Mörner disagrees with this scenario. "In our study of the coastal dynamics and the geomorphology of the shores," writes Mörner, "we were unable to detect any traces of a recent sea level rise. On the contrary, we found quite clear morphological indications of a recent fall in sea level."
Mörner’s group found that sea levels stood about 60 cm higher around A.D. 1150 than today, and more recently, about 30 cm higher than today.
"From the shape and freshness," Mörner says, "one would assume that the sea level fall took place in the last 50 years, or so."
In the last 50 years!
I find it difficult to understand how the IPCC could have missed this information - unless they did it deliberately.
All they had to do was ask the locals.
"Local people report that the dhonis (local fishing boats) could pass straight across theMaduvvare Falhus thila in the 1970s and 1980s," Mörner reports, "whilst they in the last 15 years have had to make a detour around the thila, because it is now too shallow.

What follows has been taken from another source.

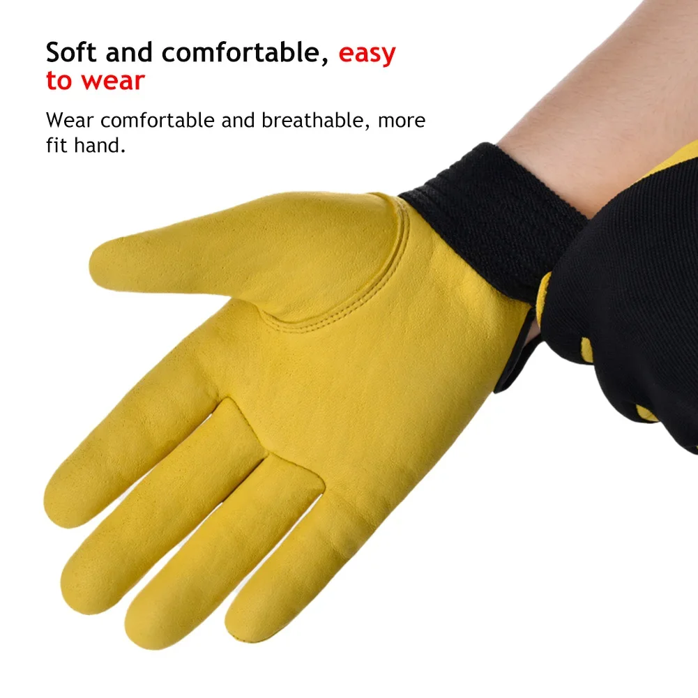 Cowhide Leather Work Gloves are designed for safety and protection in various labor-intensive tasks. These gloves are ideal for gardening, motorcycle riding, welding, and other demanding activities, providing durability and comfort for workers.

The thila has not grown, so it must be the sea that has fallen."
"In the IPCC scenarios," Mörner concludes, "the Maldives were condemned to disappear in the near future." "Our documentation of actual field evidence contradicts this hypothesis."
Artic Ocean
Arctic sea level has been falling more than 2mm a year - a movement that [supposedly] sets the region against the global trend of rising waters. A Dutch-UK team made the discovery after analyzing radar altimetry data gathered by Europe 's ERS-2 satellite.

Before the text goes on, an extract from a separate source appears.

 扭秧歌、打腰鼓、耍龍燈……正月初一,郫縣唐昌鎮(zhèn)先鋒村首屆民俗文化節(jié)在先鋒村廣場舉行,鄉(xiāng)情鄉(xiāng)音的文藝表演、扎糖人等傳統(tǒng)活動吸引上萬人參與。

"We have high confidence in the results; it's now down to the geophysics community to explain them," said Dr Remko Scharroo, from consultants Altimetrics LLC, who led the study.
The European Space Agency's (Esa) ERS-2 satellite has been making observations of the Earth from its 800km-high polar orbit for over 10 years.
Correcting the data to take account of ocean tides, wave heights, air pressure, and atmospheric effects that might bias the signal, Dr Scharroo and colleagues established seasonal and yearly sea-level trends in the Arctic (from 60 to 82 degrees latitude) for the period 1995 to 2003. The analysis reveals an average 2.17mm fall per annum.
Taking a global view, ERS-2 still records a sea-level rise. It's interesting, how each study shows that that study's particular location is the only location where sea levels are falling.
Analysis of Russian tide gauges by Andrey Proshutinsky from the Woods Hole Oceanographic Institution (WHOI), US, also hinted at a sea-level fall during the 1990s. He said this seemed to fit with the phases of the so-called Arctic Oscillation, a seesaw pattern of change in atmospheric pressure over the polar region and mid latitudes.
"This is something like decadal variability. Sea level goes up and down, up and down - but in general, it rises," Proshutinsky explained.